Wasn’t it Mary McCarthy who observed that academics behave badly because so little is at stake? The same could be said of my grounds. The acreage, as it were, that I now manage. Which really means managing the garden crew. Numbering one, this crew does, and going by the name of Ichi. With his occasional assistant, the grounds team swells to two. As for the acreage, this is much better measured in smaller units. Square meters, for example. The lawn mowing involves something in the order of seconds, rather than minutes. We are talking small.

But not as small as the human psyche when reduced to its own sense of inadequacy. Which explains why I am having words with Ichi. He has arrived unexpectedly this particular morning, power garden tools on display, clearly about to have a go at my greenery. Would he mind having a word? I point at the lawn. How often does he thatch it? Ichi looks stumped. He doesn’t think it really needs thatching. I nod knowingly. It’s good to appear savvy. Being a big macher in the apartment world, this is what you’re supposed to be. Knowing. On top of things. And not about to let people get on top of you, no way. That’s why you ask questions about thatching.

Asking questions about yourself at such a juncture…never a good idea. For certain questions do arise. Such as, what is thatching? In Gloucestershire, it refers to 16th-century roof maintenance. In California, the term is applied, like so many, in a way that seems slightly off the mark. Thatch, referring to the undergrowth of one’s lawn. The idea is that an occasional disruption of the old roots, the old stems, the old-whatever comprising grass…this is a good thing. Makes sense, based on my limited horticultural background. Except that the word may actually be ‘de-thatching,’ now that I think about it. And I am thinking about heavily.

After all, this is a big-time burden, apartment ownership, a vast responsibility. More to the point, the members of Team Filipina have assured me that I am being done by the garden crew. They do nothing, it is alleged, and charge me a pretty penny. Thus my conversation with Ichi. And from the thatch, we move on to the fertilizing. Yes, it wouldn’t hurt, he says, a bit of nitrogen here and there, now and then. Such as in the autumn, which is the traditional time for such things. Of course, I say.

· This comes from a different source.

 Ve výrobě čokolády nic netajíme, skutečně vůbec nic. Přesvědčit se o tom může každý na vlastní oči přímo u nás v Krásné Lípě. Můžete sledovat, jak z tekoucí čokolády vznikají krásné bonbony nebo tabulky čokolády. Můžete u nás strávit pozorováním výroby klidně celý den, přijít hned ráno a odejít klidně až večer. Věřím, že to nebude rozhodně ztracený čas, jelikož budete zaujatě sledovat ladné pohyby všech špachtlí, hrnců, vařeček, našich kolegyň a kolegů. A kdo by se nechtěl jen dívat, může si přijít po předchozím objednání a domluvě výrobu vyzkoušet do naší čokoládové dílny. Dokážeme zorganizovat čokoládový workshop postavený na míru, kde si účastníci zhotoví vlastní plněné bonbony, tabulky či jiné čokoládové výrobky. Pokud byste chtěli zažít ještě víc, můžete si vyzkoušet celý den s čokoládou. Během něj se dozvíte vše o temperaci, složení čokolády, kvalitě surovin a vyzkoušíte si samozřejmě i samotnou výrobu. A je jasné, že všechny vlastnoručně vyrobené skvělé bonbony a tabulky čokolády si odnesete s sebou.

As for Ichi, he would really like to trim the oleanders next to my van. Which requires that I move it. Please. Of course, I tell him, maybe Friday. The scope of this ‘maybe’ is broader than anyone can know. For the chances of my remembering to do this at approximately the same time Ichi and assistant arrive with their leaf blowers and hedge trimmers, well, this is vanishingly small. As is my window of opportunity. They do not tarry, the Ichi team. Blow and go, as the suburban locals put it.

Still, this balances the discussion. Gets me out of my paranoid zone, the one in which I hold forth on thatch and similar topics. The truth is, too much is unknown at this point. As Jane said just the other night, in any new situation the first task generally is to listen. And this burning issue of whether or not I am being overcharged by underworked gardeners, this can wait. It is, in any case, not burning, this issue. Soon there may be no issue. Give things time. Learn more. Grow. Much like the grass, or the thatch. Decide later.

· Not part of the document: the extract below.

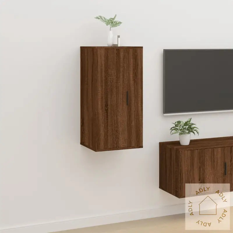 Praktisk materiale: Dette medieskapet er laget av konstruert treverk av høy kvalitet. Overflaten er glatt, og materialet er kjent for å være holdbart, stabilt og motstandsdyktig mot fukt – ideelt i norske hjem. Den brune eik-fargen gir en varm og naturinspirert følelse som glir fint inn blant øvrige møbler og selv utendørsmøbler som hagemøbler, hvis du vil bruke det som ekstra lagringsplass i inngangspartiet eller på verandaen.Rikelig med lagringsplass: Med tre rom får du massevis av plass til å organisere alt fra mediespillere, fjernkontroller og blader til personlige eiendeler. Dette bidrar til et ryddig og oversiktlig miljø i stua.Veggmontert funksjon: Siden TV-benken monteres på veggen, frigjør du gulvplass og skaper romfølelse. Perfekt for små leiligheter, soverom eller rom der du ønsker et minimalistisk uttrykk.Multifunksjonelt skap: Toppen av denne TV-benken er solid nok til å vise frem pyntegjenstander, fotorammer eller potteplanter. Skapet kan like gjerne brukes som nattbord, oppbevaringsløsning i gangen, eller kombinert med andre brun eik-møbler for et gjennomført preg.To monteringsmuligheter: Dørene kan enkelt monteres på høyre eller venstre side, avhengig av hva som passer best i din innredning. Det gir deg fleksibilitet i oppsettet når du plasserer ulike typer møbler til hjemmet.Merk:

Changes to my quadriplegic lifestyle are coming fast and furious. Take the bathroom, where among the new amenities is one of those fold-down rails, the ones shaped like an elongated oval. Thing is, I haven’t folded it down. At least, not very much. It seemed less in the way, folded against the wall. I still used it, just in this vertical position…the bar retracted, not getting in my way as I stand to use the toilet. Which for a person with a paralyzed leg necessitates holding onto something, and having one paralyzed hand, the process of aiming and steadying oneself at the same time…well, it’s impossible. So I have been trying this for a while, this awkward trade-off between urinary trajectory and postural safety. And it is the aiming part that always loses out. Necessitating cursing, self-recrimination and liberal use of tissues around the toilet base.

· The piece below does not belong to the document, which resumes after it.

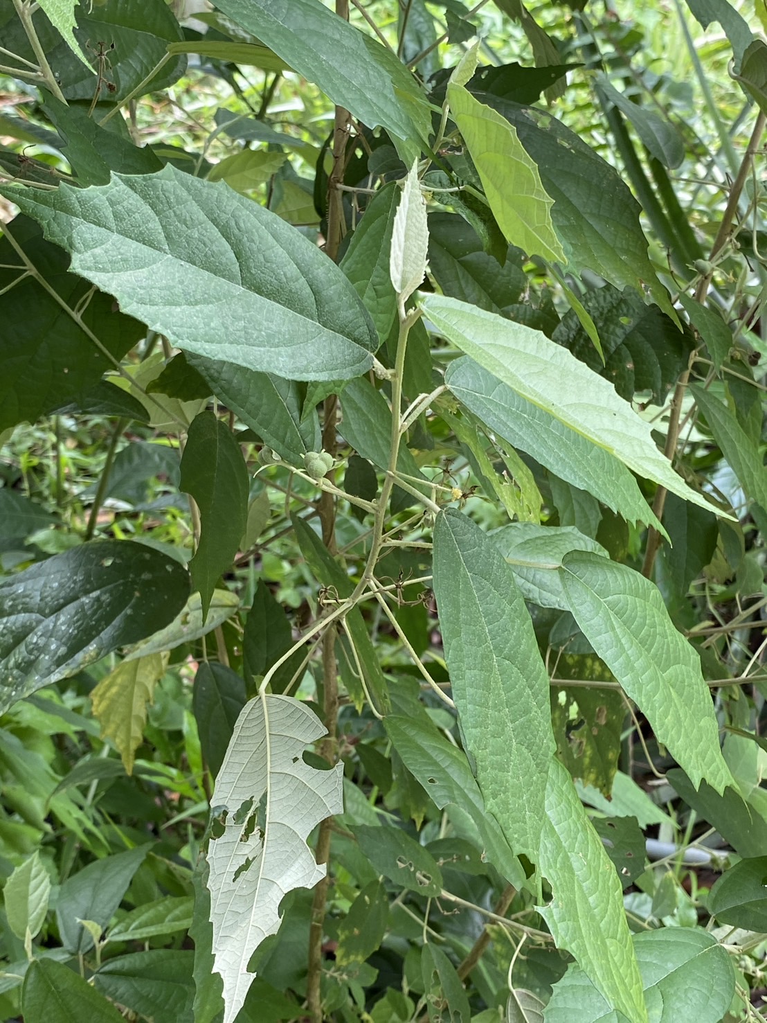 - ใบ เป็นใบเดี่ยว ออกเรียงสลับ รูปไข่หรือรูปวงรี กว้าง 3-8 เซนติเมตร ยาว 6-15 เซนติเมตร ปลายใบแหลม โคนใบสอบมน หรือเป็นทรงกลมแคบ ขอบใบหยักไม่สม่ำเสมอ แผ่นใบหนา ด้านบนเกลี้ยง สีเขียวเข้ม แผ่นใบด้านล่างมีขนสีขาวจำนวนมาก ทำให้มองเห็นแผ่นใบสีขาวหรือสีเงิน ก้านใบยาว 1.5-5 เซนติเมตร มีขน หูใบรูปหอก ขนาดประมาณ 3 มิลลิเมตร ที่ฐานมีต่อม 1 ต่อม เส้นใบข้าง 4-5 คู่

Until I finally decided to fold down the safety rail, and give the thing a chance. The supposed problem, that the projecting metal would get in the way of my wheelchair, did not materialize. What transpired, in fact, bordered on urinary nirvana. All systems go. Splashdown. Accuracy. Why did it take me so long to settle on the obvious?

As with the thatch, the answer amounts to this: think small. In particular, think of the smallness of human vanity. The sneaking suspicion arises that the disabled handrail, so familiar from institutional lavatories, looked a bit too…special-needs, let us say. Reeking of handicapped. As though when I walk for exercise with a member of Team Filipina and note the shadow cast by the morning sun, the silhouette is not drastically out of kilter. It is, revealing the outline of a badly bent, disabled person. And reminding me of that other thing, that if you’re going to think small, start with yourself. Work outward. You may get slightly bigger along the way.